INSTRUCTIONS TO FOLLOW: Beginning with the line below that contains "Cuarta Práctica: Gradientes hidráulicos." and ending with the line that contains "- Loa có 2 đầu", retype every line exactly. Pictures are not copied.
★ ★ ★
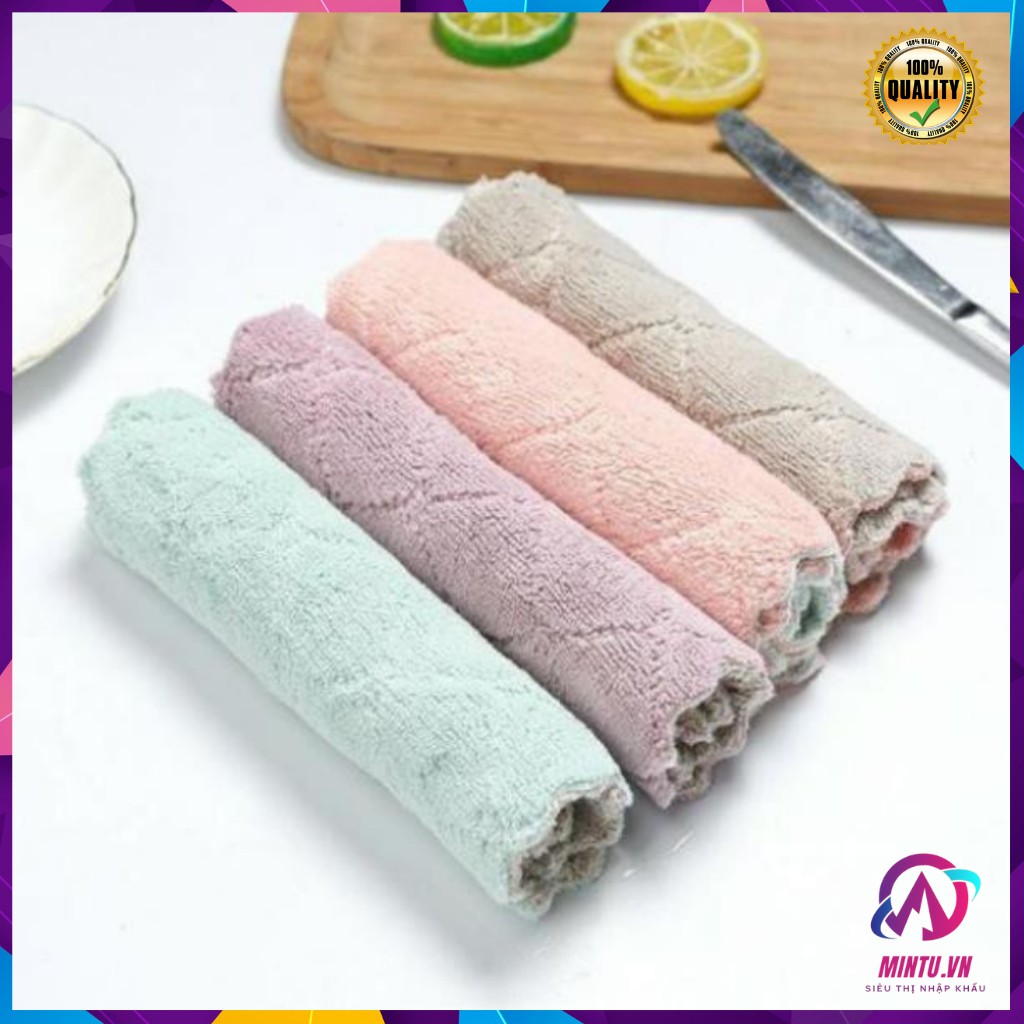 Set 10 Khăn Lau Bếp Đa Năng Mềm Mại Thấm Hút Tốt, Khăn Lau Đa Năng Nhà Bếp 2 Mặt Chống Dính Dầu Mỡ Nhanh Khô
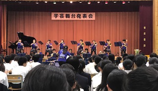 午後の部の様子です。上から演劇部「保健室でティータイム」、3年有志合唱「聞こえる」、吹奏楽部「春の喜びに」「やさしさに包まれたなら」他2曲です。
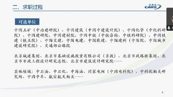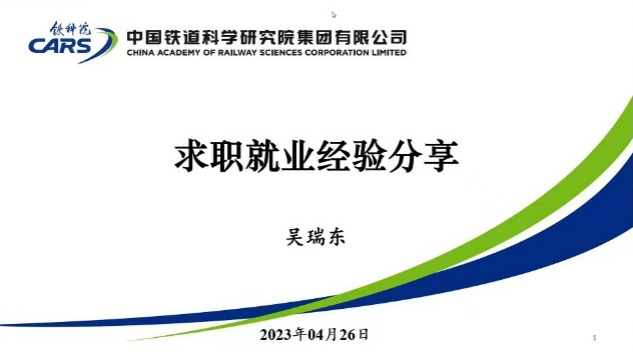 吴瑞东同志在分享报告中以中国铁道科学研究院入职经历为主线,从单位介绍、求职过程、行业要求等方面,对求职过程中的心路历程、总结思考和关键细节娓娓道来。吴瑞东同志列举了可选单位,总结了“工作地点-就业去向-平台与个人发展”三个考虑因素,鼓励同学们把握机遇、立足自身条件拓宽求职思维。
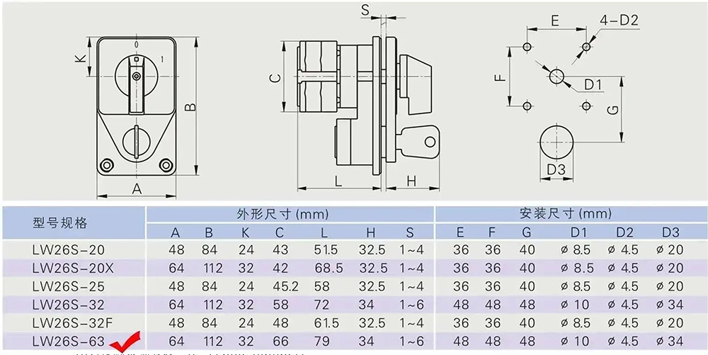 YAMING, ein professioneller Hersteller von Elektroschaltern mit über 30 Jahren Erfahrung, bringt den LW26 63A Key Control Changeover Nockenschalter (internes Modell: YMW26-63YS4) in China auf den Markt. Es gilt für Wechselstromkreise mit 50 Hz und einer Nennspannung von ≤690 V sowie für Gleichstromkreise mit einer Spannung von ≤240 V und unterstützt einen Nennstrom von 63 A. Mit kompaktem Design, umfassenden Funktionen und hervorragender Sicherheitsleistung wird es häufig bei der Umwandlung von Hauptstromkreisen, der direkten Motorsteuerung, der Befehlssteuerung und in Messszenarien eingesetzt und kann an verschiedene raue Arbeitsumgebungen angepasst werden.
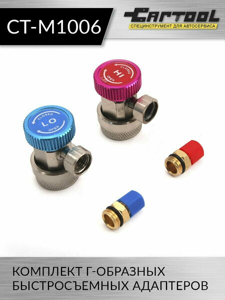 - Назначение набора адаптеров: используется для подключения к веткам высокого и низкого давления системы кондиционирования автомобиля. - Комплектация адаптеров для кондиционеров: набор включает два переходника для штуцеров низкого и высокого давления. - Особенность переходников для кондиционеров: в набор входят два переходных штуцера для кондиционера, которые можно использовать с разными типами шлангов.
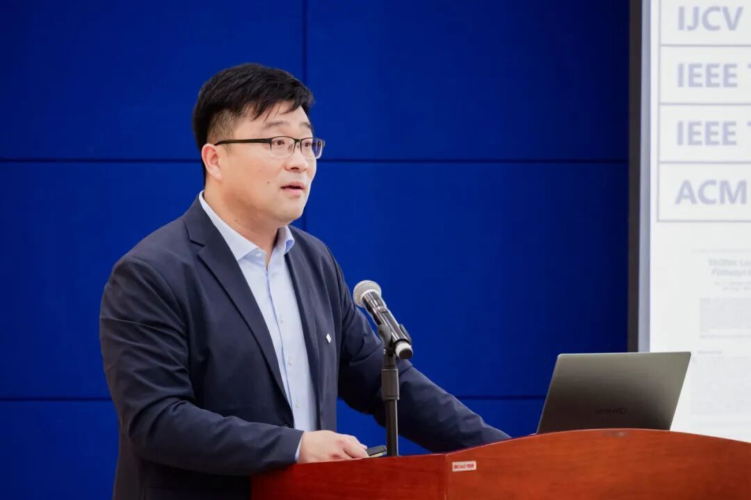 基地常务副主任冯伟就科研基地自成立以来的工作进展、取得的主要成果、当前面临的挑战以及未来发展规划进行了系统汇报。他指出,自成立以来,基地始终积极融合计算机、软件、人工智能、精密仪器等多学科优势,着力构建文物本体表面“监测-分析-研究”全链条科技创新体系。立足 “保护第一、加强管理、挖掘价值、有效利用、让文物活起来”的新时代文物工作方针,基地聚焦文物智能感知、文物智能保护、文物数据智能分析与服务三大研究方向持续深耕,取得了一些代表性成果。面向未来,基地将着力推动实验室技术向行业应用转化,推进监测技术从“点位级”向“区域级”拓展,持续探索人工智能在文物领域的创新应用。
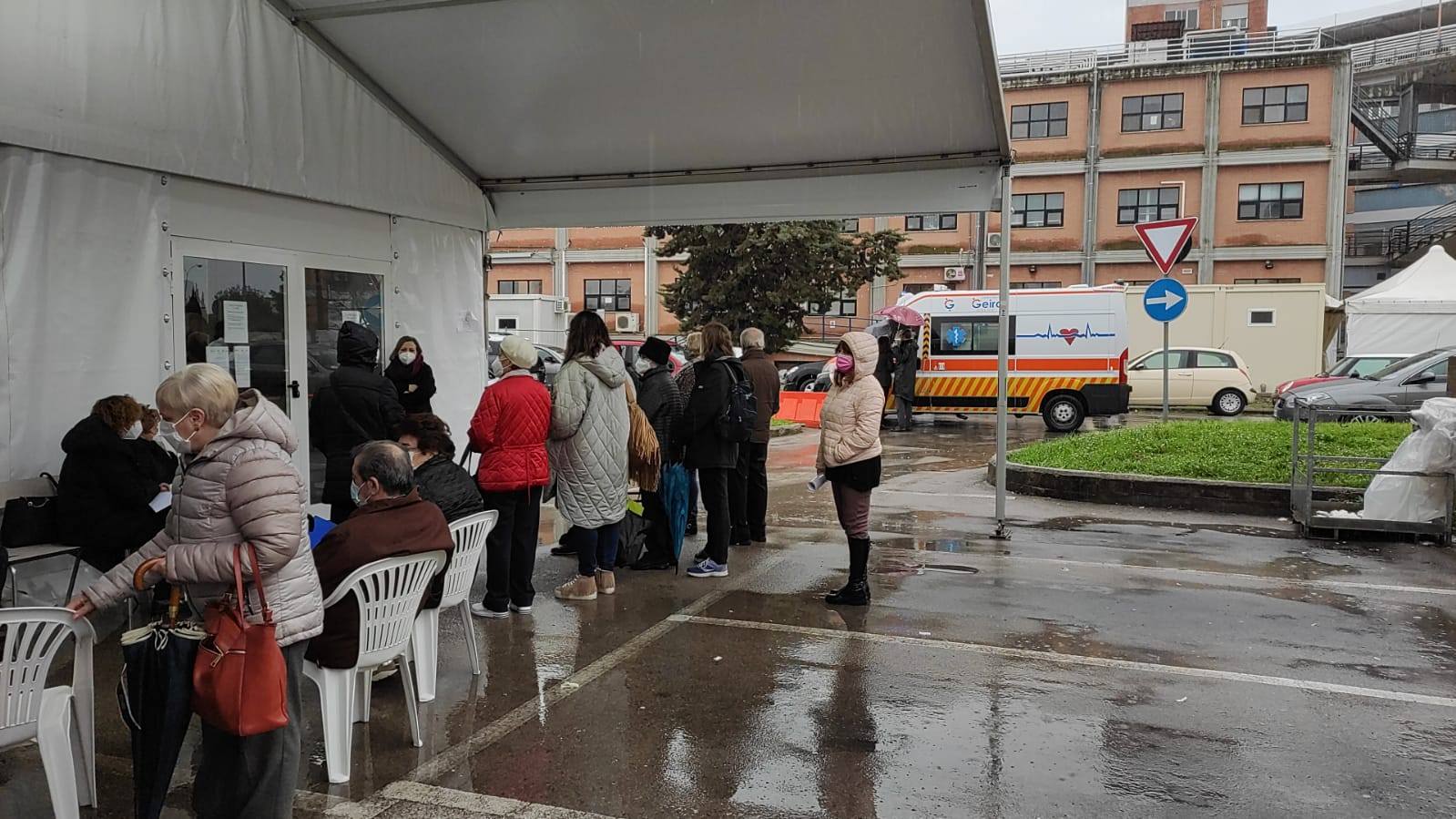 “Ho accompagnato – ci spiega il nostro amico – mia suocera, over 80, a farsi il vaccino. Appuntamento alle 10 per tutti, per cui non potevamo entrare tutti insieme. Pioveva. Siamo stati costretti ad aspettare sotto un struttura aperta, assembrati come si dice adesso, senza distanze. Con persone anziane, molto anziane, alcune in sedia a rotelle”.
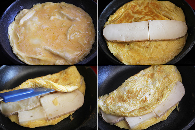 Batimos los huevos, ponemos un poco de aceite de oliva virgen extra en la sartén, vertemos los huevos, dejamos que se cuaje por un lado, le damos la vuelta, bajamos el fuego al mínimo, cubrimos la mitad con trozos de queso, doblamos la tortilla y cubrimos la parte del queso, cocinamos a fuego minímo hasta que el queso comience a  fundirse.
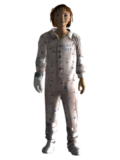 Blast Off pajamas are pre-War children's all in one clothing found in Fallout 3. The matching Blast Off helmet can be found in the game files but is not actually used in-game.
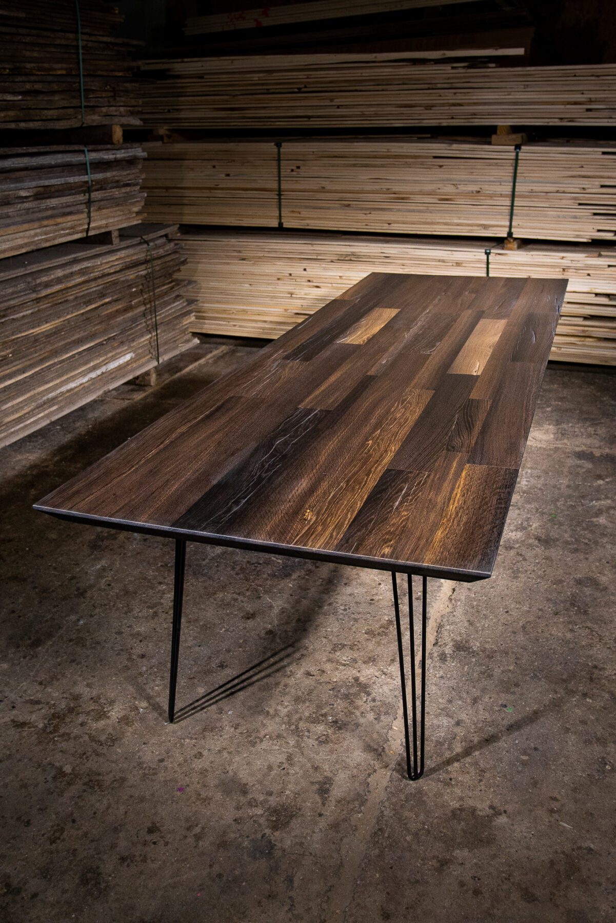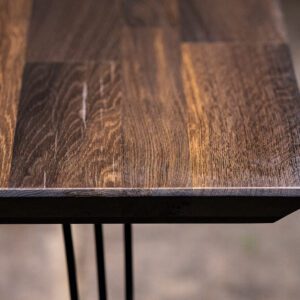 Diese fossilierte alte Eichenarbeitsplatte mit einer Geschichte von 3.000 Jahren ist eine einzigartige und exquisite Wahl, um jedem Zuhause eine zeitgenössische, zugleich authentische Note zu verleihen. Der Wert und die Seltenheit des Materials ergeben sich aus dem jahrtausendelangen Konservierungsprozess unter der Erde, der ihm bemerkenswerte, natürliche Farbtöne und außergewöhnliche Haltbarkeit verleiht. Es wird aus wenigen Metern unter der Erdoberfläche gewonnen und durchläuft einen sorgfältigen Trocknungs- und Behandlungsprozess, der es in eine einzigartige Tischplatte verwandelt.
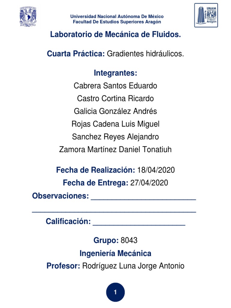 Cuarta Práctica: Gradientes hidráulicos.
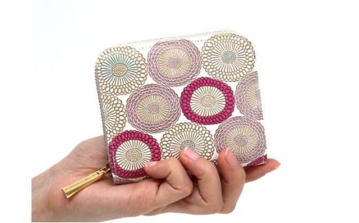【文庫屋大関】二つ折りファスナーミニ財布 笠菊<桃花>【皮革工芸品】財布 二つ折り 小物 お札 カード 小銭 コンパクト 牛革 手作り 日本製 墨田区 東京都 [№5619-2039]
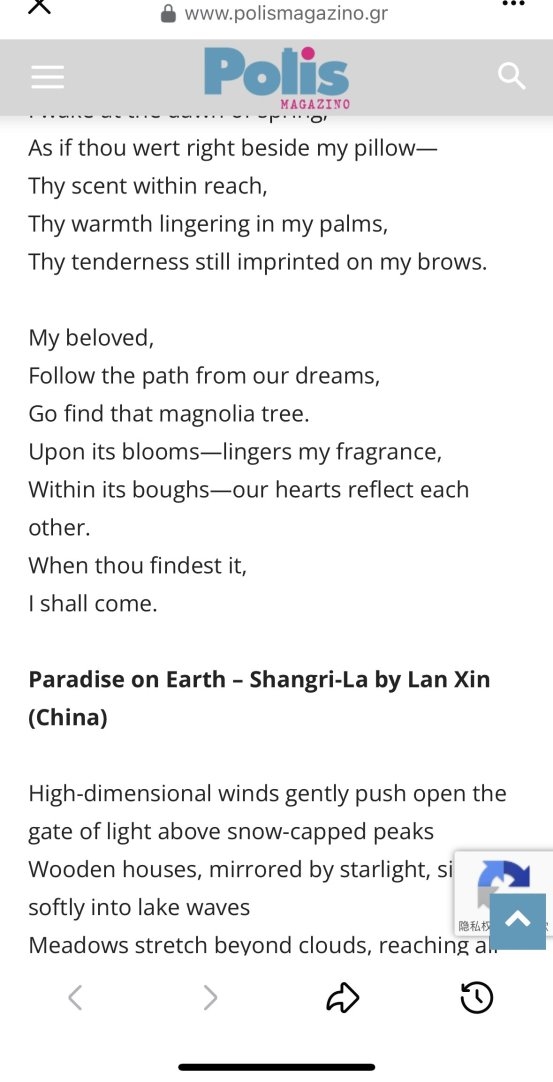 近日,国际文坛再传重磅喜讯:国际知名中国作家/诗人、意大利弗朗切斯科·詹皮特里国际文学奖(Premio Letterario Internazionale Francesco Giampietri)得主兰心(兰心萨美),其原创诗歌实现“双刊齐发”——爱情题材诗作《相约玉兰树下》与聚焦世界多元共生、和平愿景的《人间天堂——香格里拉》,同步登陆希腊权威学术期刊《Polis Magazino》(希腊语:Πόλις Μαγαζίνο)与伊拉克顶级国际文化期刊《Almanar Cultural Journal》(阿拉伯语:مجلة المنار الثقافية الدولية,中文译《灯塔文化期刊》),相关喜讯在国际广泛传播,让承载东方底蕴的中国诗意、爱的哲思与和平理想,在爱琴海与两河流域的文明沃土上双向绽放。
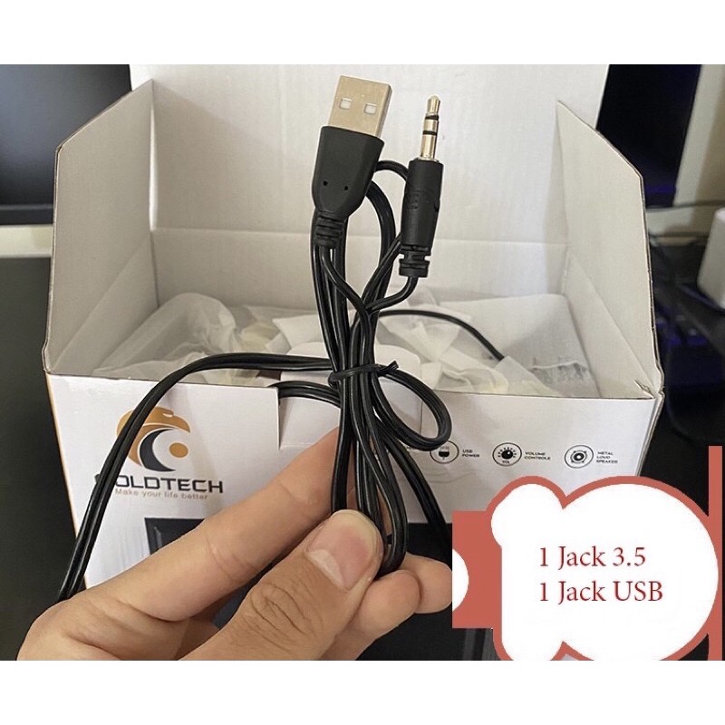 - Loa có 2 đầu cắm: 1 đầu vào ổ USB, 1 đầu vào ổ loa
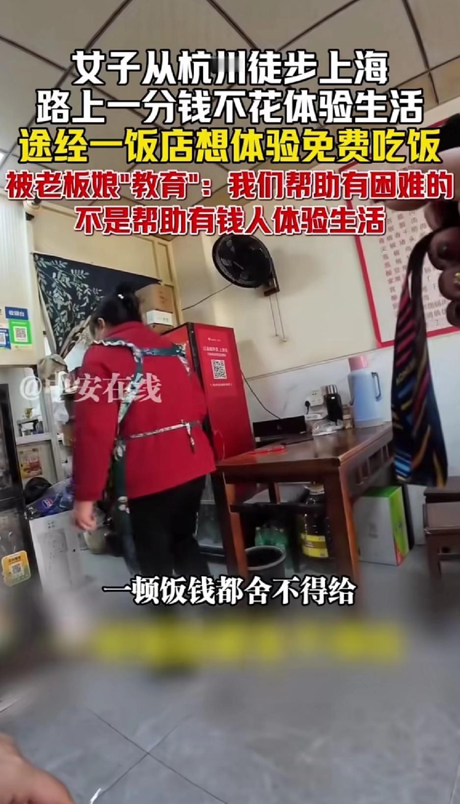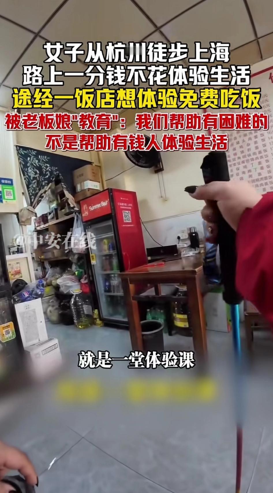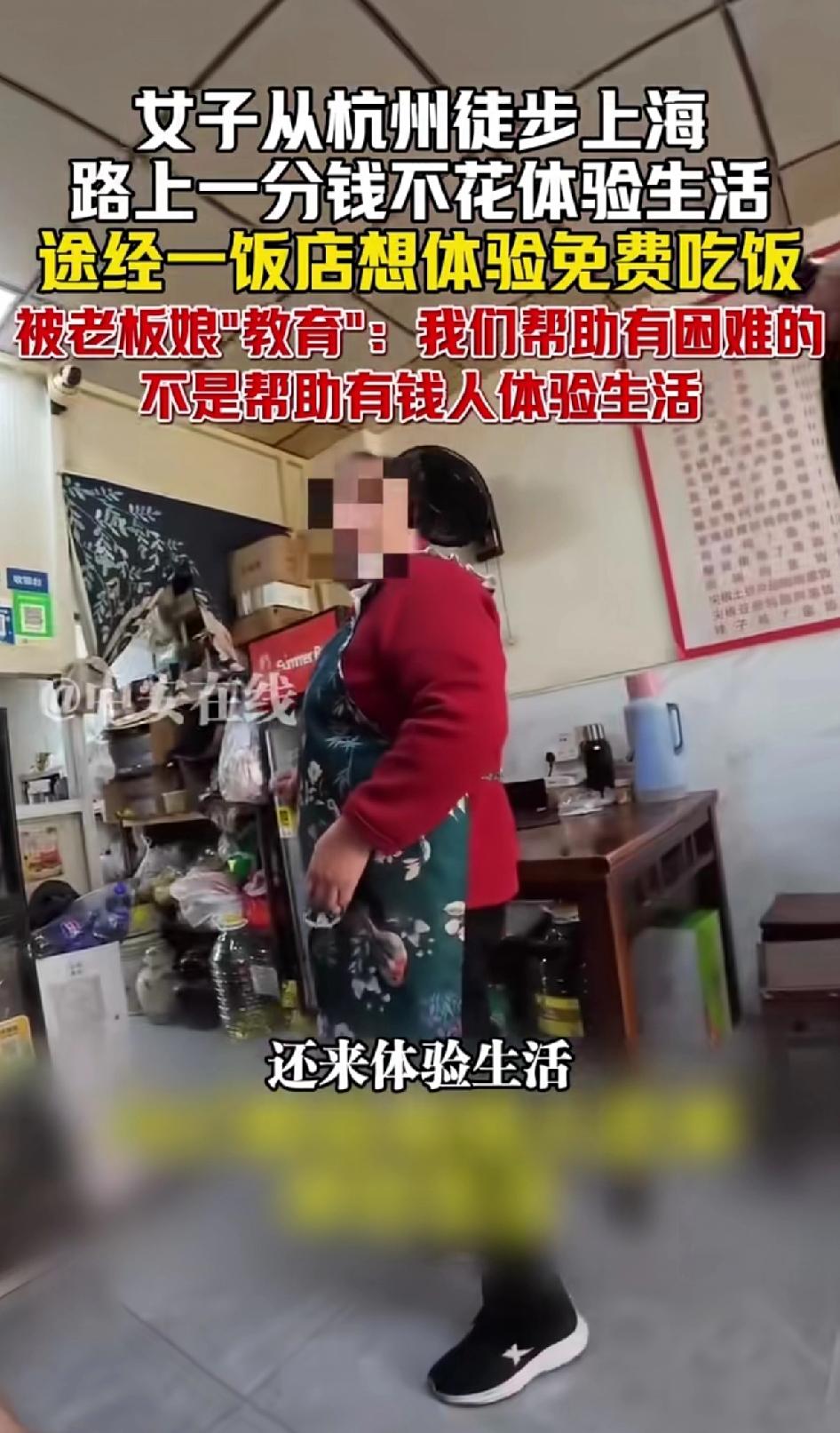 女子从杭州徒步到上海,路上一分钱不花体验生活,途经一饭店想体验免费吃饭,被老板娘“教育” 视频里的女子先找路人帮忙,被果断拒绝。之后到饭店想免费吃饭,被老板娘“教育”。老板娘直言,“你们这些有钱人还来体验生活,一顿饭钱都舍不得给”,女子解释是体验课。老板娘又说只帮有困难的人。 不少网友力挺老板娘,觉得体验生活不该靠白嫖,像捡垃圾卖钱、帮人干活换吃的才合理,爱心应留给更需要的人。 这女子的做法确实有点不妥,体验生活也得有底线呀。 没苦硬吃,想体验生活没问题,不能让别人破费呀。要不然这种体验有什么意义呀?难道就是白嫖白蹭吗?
★ ★ ★
SOLUTION:
 Cuarta Práctica: Gradientes hidráulicos.
【文庫屋大関】二つ折りファスナーミニ財布 笠菊<桃花>【皮革工芸品】財布 二つ折り 小物 お札 カード 小銭 コンパクト 牛革 手作り 日本製 墨田区 東京都 [№5619-2039]
 近日,国际文坛再传重磅喜讯:国际知名中国作家/诗人、意大利弗朗切斯科·詹皮特里国际文学奖(Premio Letterario Internazionale Francesco Giampietri)得主兰心(兰心萨美),其原创诗歌实现“双刊齐发”——爱情题材诗作《相约玉兰树下》与聚焦世界多元共生、和平愿景的《人间天堂——香格里拉》,同步登陆希腊权威学术期刊《Polis Magazino》(希腊语:Πόλις Μαγαζίνο)与伊拉克顶级国际文化期刊《Almanar Cultural Journal》(阿拉伯语:مجلة المنار الثقافية الدولية,中文译《灯塔文化期刊》),相关喜讯在国际广泛传播,让承载东方底蕴的中国诗意、爱的哲思与和平理想,在爱琴海与两河流域的文明沃土上双向绽放。
 - Loa có 2 đầu cắm: 1 đầu vào ổ USB, 1 đầu vào ổ loa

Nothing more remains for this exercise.